Sveglierei i mille e mille occhi che lì riposano. Corpi e corpi adagiati sul fondo del nostro mare, Mar Mediterraneo, il loro camposanto.

Noi eravamo agiati turisti, lo abbiamo raccontato esagerando il coraggio e la paura. Ma chi è in fuga dal terrore, dall’orrore, dalla miseria. Chi muto su di un ennesimo “Gaura” parte verso una terra salvifica e in un tuffo a volo di gabbiano sprofonda fin dove la luce non penetra più, no, costui non può essere disturbato. Non si disturbano gli abitanti dei cimiteri.

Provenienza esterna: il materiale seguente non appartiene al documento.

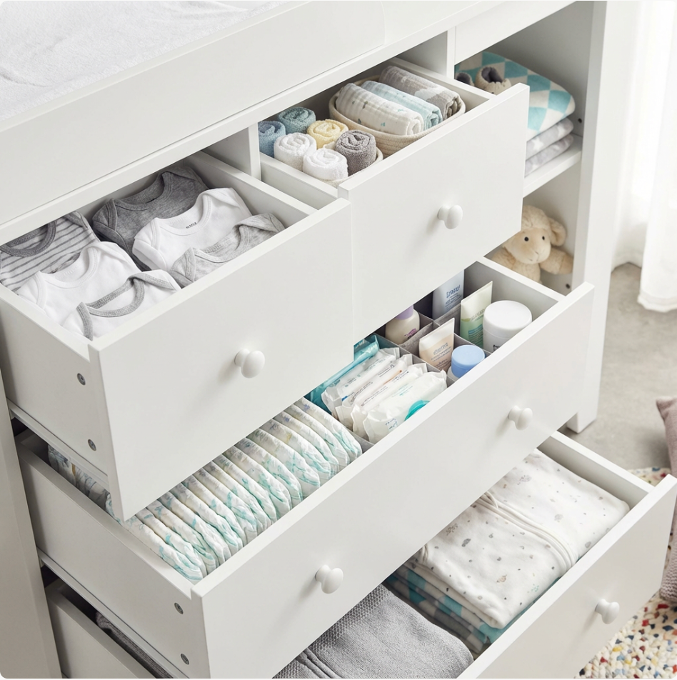 You get multiple organised tiers plus extra side compartments for wipes, nappies, creams, clothes, toys, and more—keeping everything within arm’s reach for faster, calmer changing sessions.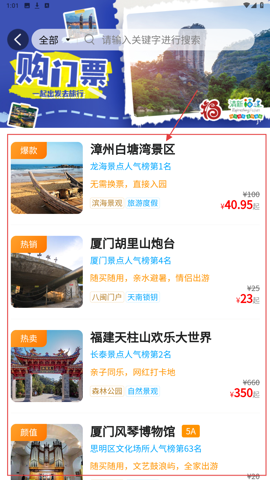 1、进入首页,选【购门票】,浏览漳州白塘湾景区等福建景点。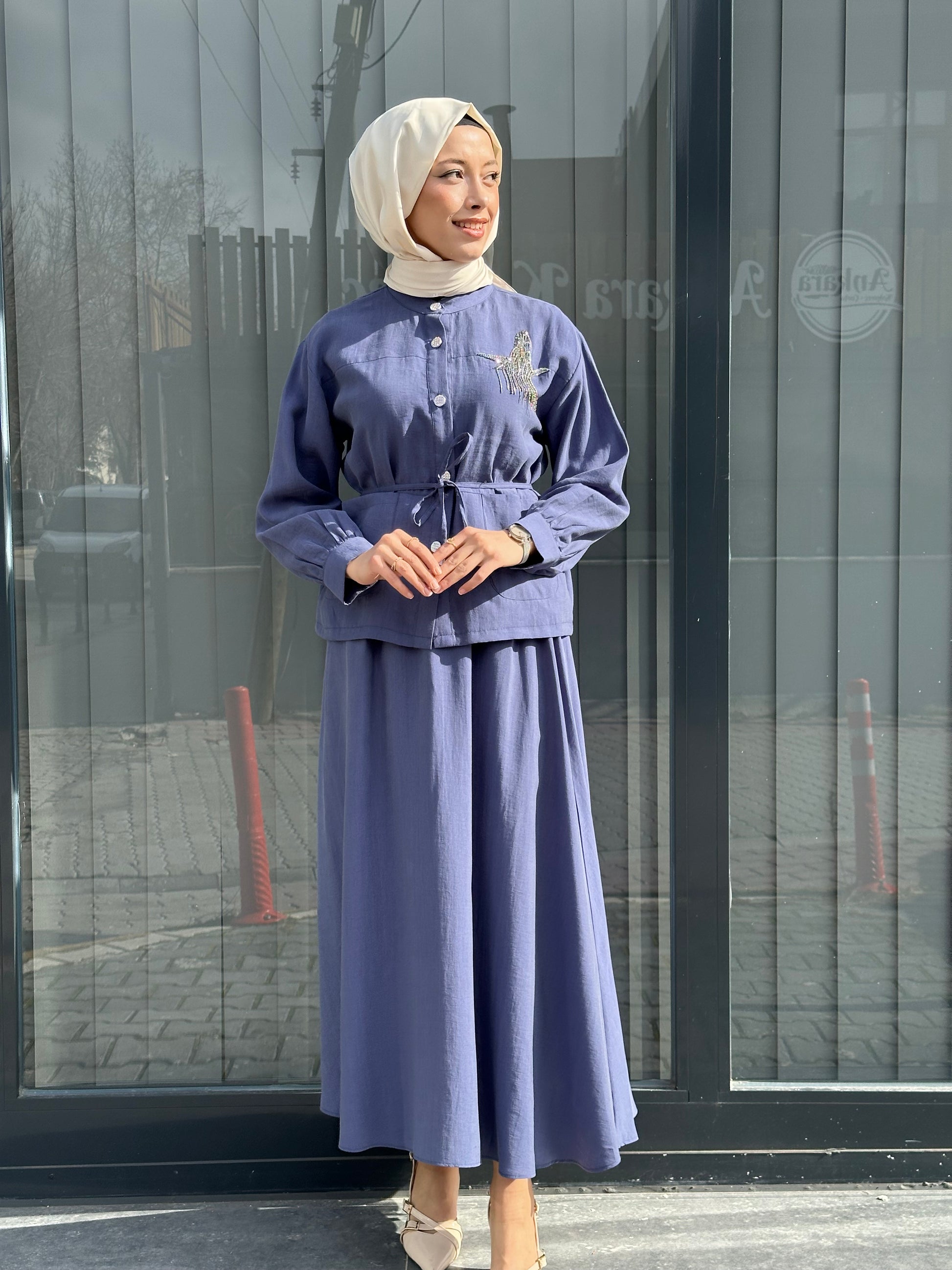 İNDİGO TAŞLI ETEKLİ TAKIM

Si lasciano dormire in pace.

Per loro nessuna iscrizione, né date, né nomi in fila su di un muro. Non si alzano monumenti per “I naufraghi ignoti”. Volti sconosciuti, voci inascoltate, corpi perduti.

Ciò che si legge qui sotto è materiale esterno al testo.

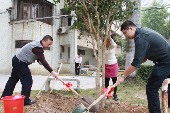 春风送爽,万物复苏。 3月12日是植树节,上午,莞城校区管委会各部门负责人和部分教职工来到教工宿舍旁的空地栽植桂花树。校党委委员、校长助理、莞城校区管委会主任邢大立和大家一起种下对春天的热切期盼。 植树现场气氛热烈,老师们干劲十足。大家分工合作,有的移拽树木,有的挥锹铲土,有的填土浇水,忙得不亦乐乎。大家通过团结协作,为校园增添了一分新绿,也身体力行响应了环保的号召。

A far loro compagnia solo sculture in pietra, le bellissime statue sommerse, figure subacquee “viventi” di Jason deCaires Taylor.

Un atto di somma gentilezza, l’espiazione della colpa di Caino verso il “fratello” ucciso. Sì, la gentilezza è l’unica arma del perdono, l’unica forma di consacrazione della negazione del male..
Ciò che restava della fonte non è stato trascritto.